What is the head CT radiation dose?
What is radiation risk factor?
What should we consider in the follow up for a tumour?
What is photon-counting CT?
- Radiation is measured in Sievert (Sv) unit
- CT head radiation dose ≈ 200 x CXR (chest x-ray) dose
- Radiation risk factor = total lifetime risk of radiation-induced fatal cancer for the general population (0.05% per mSv (1 in 20000))
- Consider follow-up scan to assess a tumour
- Photon-counting CT is a new advancement in CT that uses far lower doses of radiation, but it is very rare and is currently not available in the UK
What planes are images acquired in for CT scans?
What is radiological convention?
What is the radiological convention for CT scans?
- Images in CT scans used to be acquired in the Orbitomeatal plane, now in the supraorbitomeatal plane (line from the top of the orbit to the External acoustic meatus (EAM))
- This change is due to radiation affecting the lens of the eye in the orbitomeatal plane
- Images are acquired in the axial plane but can be reconstructed
- Radiological convention describes the orientation of scans, so that we know where structures are located
- The radiological convention of CT scans are axial slices viewed ‘as if from the foot of the bed’ - Right side of image is the Left side of the patient and vice versa
What scale are CT scans?
How are CT scans generated?

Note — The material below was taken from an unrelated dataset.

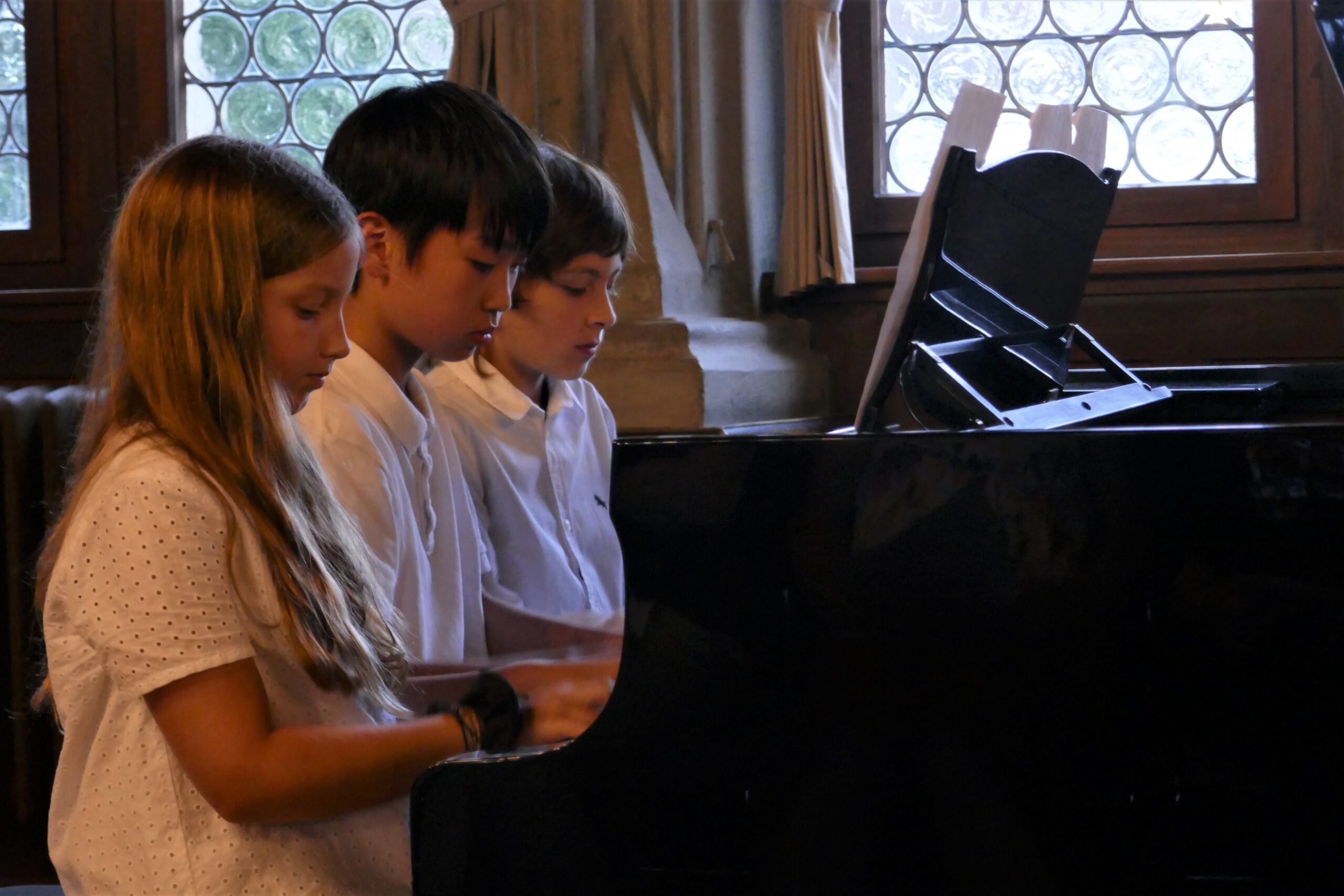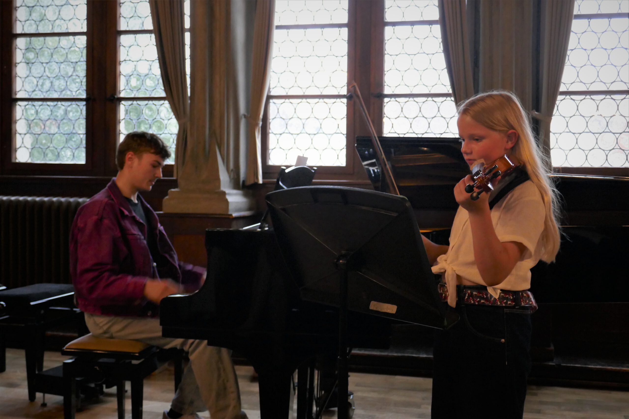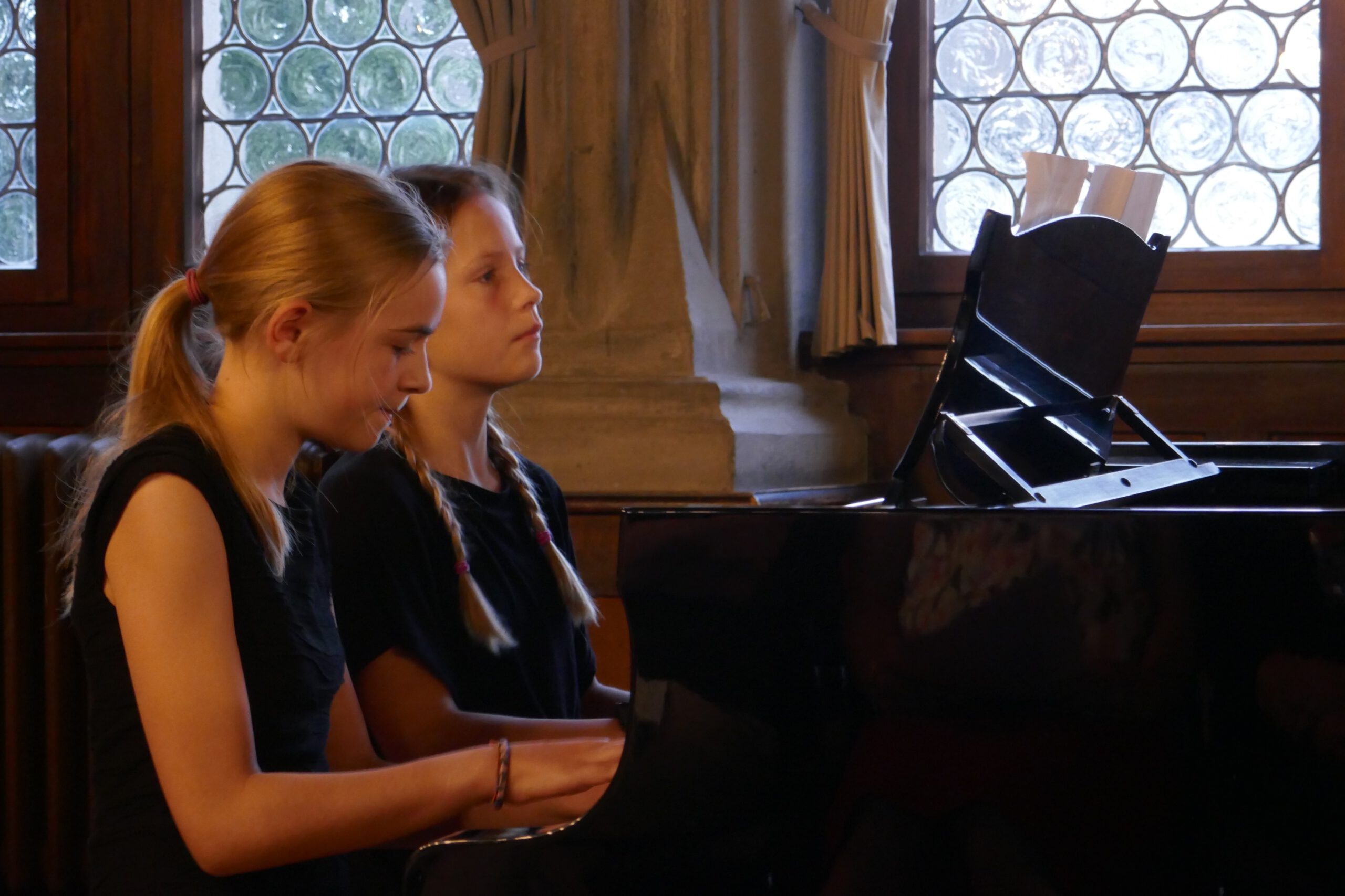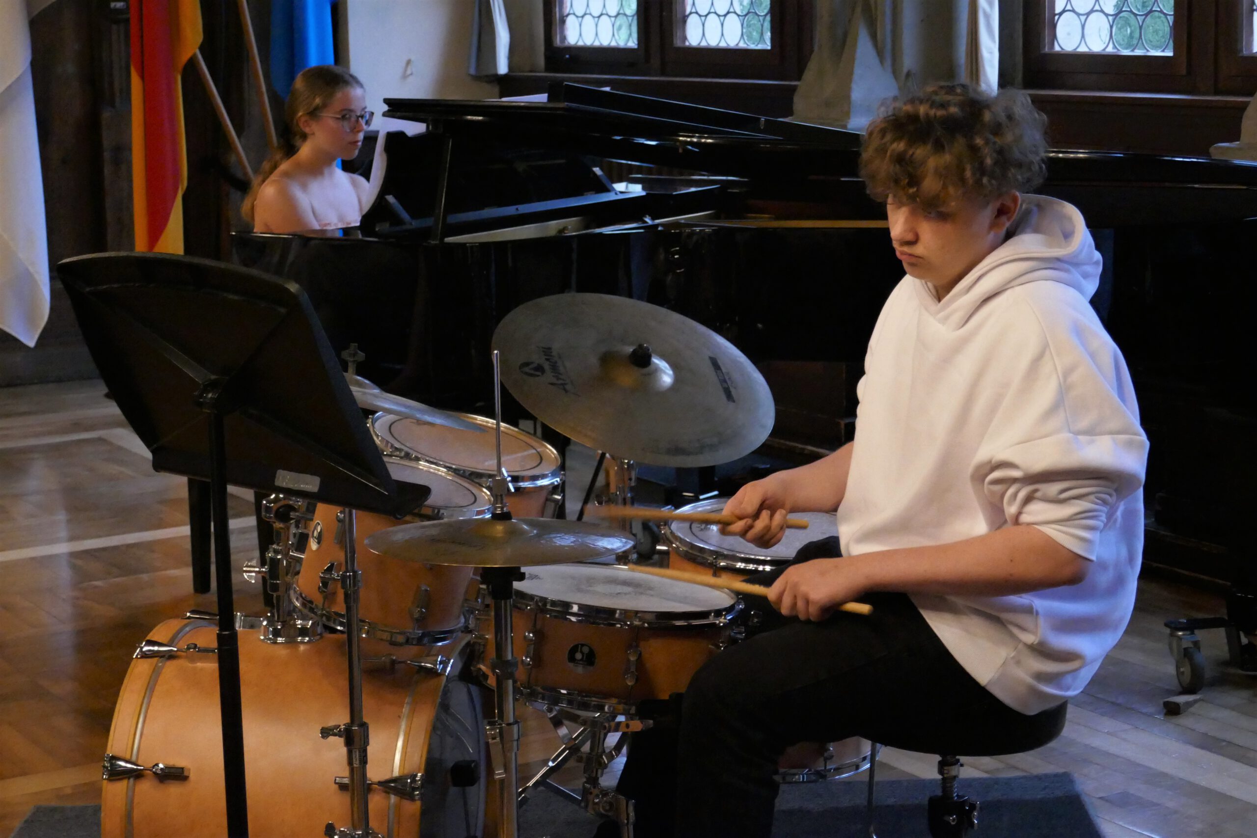 gelohnt hat, bewiesen die kleinen und großen „Musizierfreunde“: Ob verträumte Klänge beim Vierhändig-Spiel am Klavier, schwungvoller Karibik-Sound mit Posaune, ausdrucksvolle Cello – Klänge, kraftvoll präsentierte Klavier-Musik zu 6 Händen, zarte Geigenmelodien oder ein rhythmisch vertrackter Dialog zwischen Klavier und Drumset – alle Musikschüler zeigten ein beeindruckendes Können und einen souveränen Auftritt. Das Publikum war begeistert von dem fein abgestimmten Musizieren, der spürbaren Spielfreude und dem abwechslungsreichen Programm. Langanhaltender Beifall belohnte die jungen Künstler.

What is HU?
What tissues is the CT not good at displaying?
Why is this?
- CT scans are grey scale x-ray images, meaning they range from very bright (white), to very dark (black)
- CT scans are generated by absorption, with each type of tissue differing in absorption of x-rays, which each correspond to a shade of grey on the image
- The Hounsfield unit (HU) is a relative quantitative measurement of radio density used by radiologists in the interpretation of CT scans
- The CT scan has a narrow range for soft tissues, leading to poor differentiation
- This is because there is little difference between the highest HU value of white mater and the lowest HU value for grey mater
Magnetic resonance imaging (MRI).
How common is MRI in neurology?
What does clinical MRI rely on?
Why is this?
What does MRI use to produce images?
What effect can the RF pulse used in MRI cause?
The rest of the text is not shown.